En réponse à un sentiment d’iniquité, partagé certes de manière différentielle, qui renvoie à l’illégitimité fondamentale de l’État islamique qui maltraite la société civile par la répression et l’absence de dialogue, on assiste dans le mouvement qui secoue actuellement l’Iran à une alliance étroite entre hommes et femmes. Le caractère schizophrénique et profondément injuste de la vie quotidienne (on doit constamment mimer une islamité qui n’est pas réelle), la volonté de vivre dans une société plus sécularisée, où chacun déciderait de sa foi et de sa vie à l’abri de l’intrusion du Sacré imposé d’en haut, sont ainsi la toile de fond du nouveau mouvement des femmes en 2022, dont une partie importante se veut sans voile.
Le Parti de Gauche salue cette révolution féministe où pour la première fois la femme, par une inversion caractéristique, englobe aussi l’homme comme acteur social et entraine dans son mouvement l’ensemble de la société.
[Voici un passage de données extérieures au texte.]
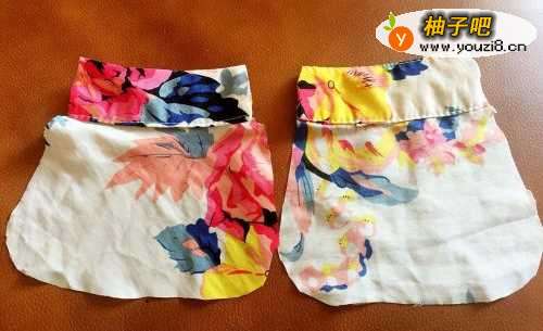 2剪出如图两块衣料。如果没有领口的旧衣服,可以剪出后,自己往内裹缝好即可。
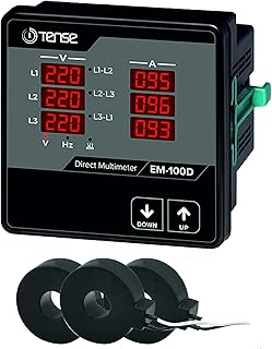 Tense Elektronik EM-100DIN Einbaumessgerät Multimeter zur Messung von Strom (1A-100A), Spannung und Frequenz in 3-Phasigen Netzwerken - DIN-Schiene Hutschiene digital, Grau, Schwarz, Rot Marke: Tense Elektronik 103 Sternebewertungen 8598€ KOSTENFREIE Retouren AC, three-phase, high-performance Description Multimeters are designed to measure electrical values such as voltage, current, frequency, apparent power, and minimum, average, maximum and demand values of the load or loads in the system to which they are connected.
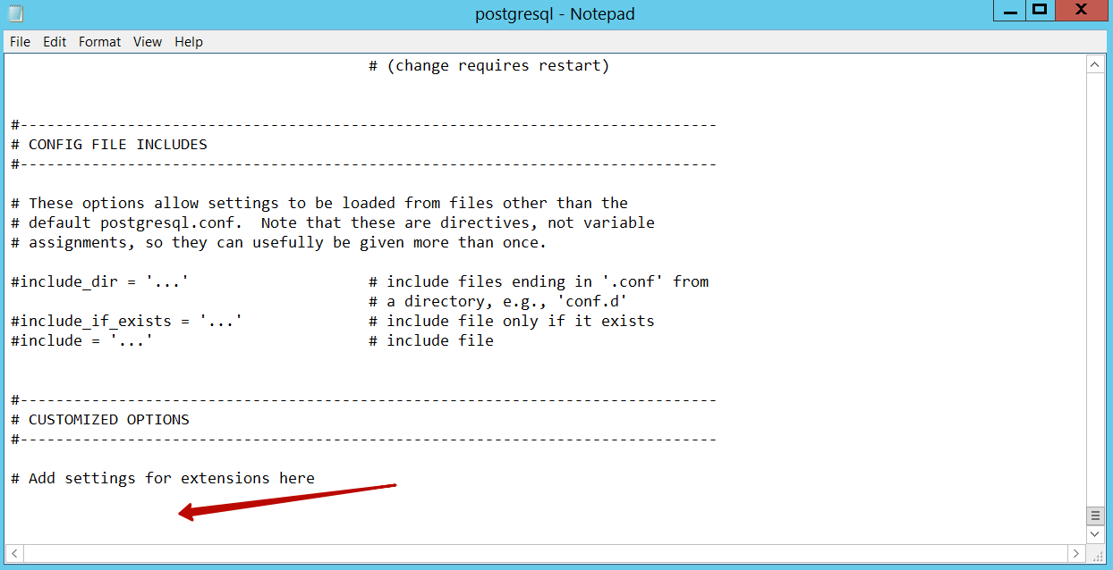 4. On the machine with the PostgreSQL database installed, in the C:\Program Files\PostgreSQL\13\data folder, open the postgresql.config file, and paste the script that you copied to add it to the bottom of the file.
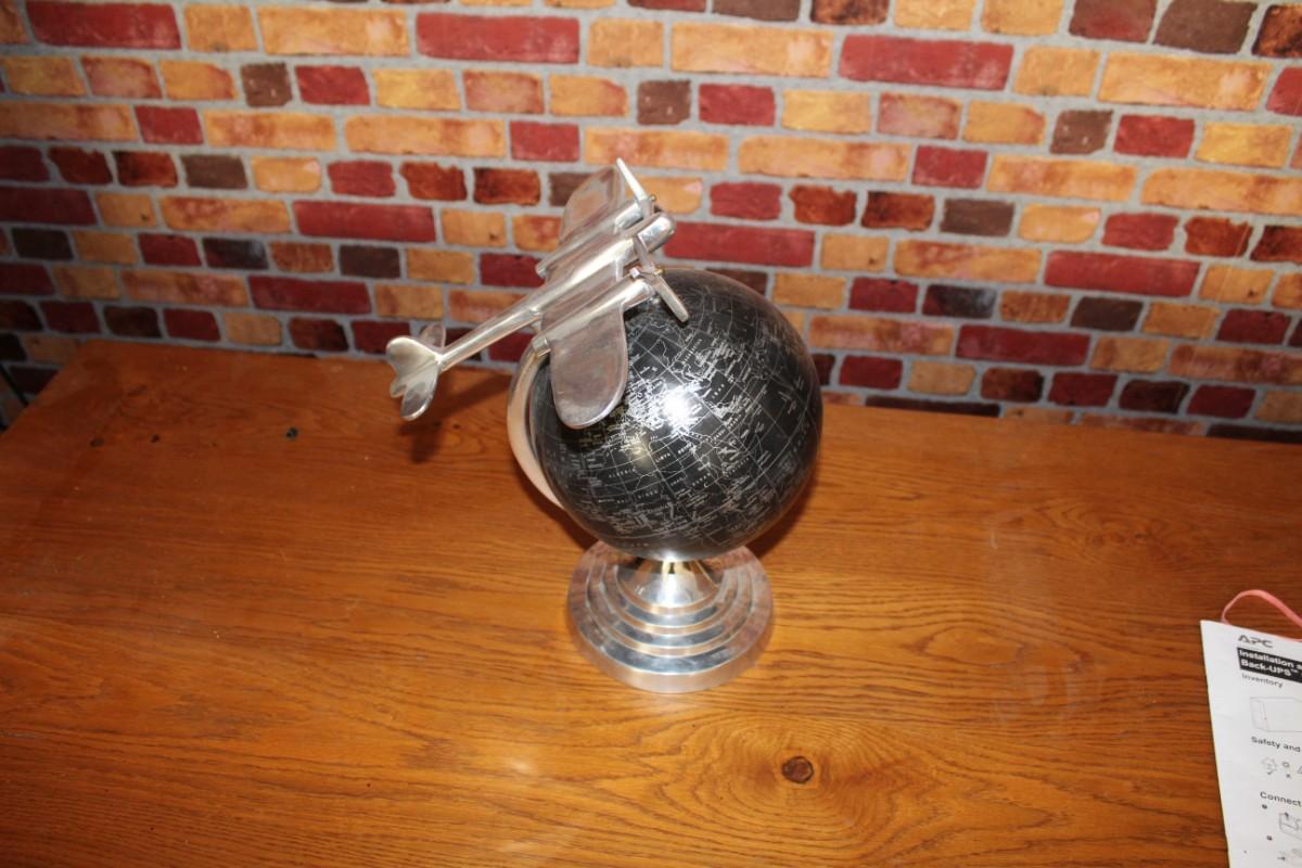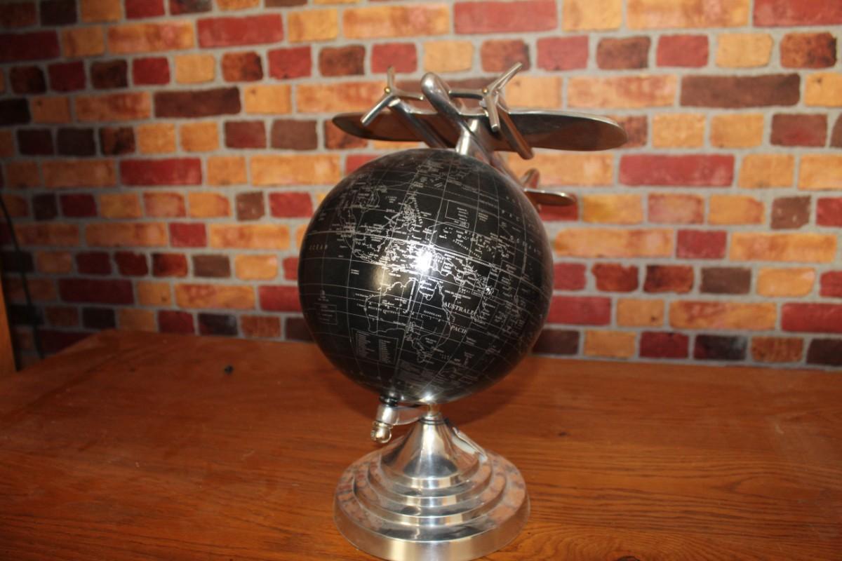 Black globe with airplane

Dans un avenir pas très lointain, on risquera de retrouver dans d’autres sociétés du Moyen-Orient, exposées à la répression aveugle, le même type de scénario avec des militants d’avant-garde qui seront dorénavant des militantes. Elles comprennent aussi que la condition du succès du mouvement sur le long terme est la coopération des hommes, elles revendiquent une liberté individuelle et un régime pluraliste auxquels tiennent aussi ces derniers.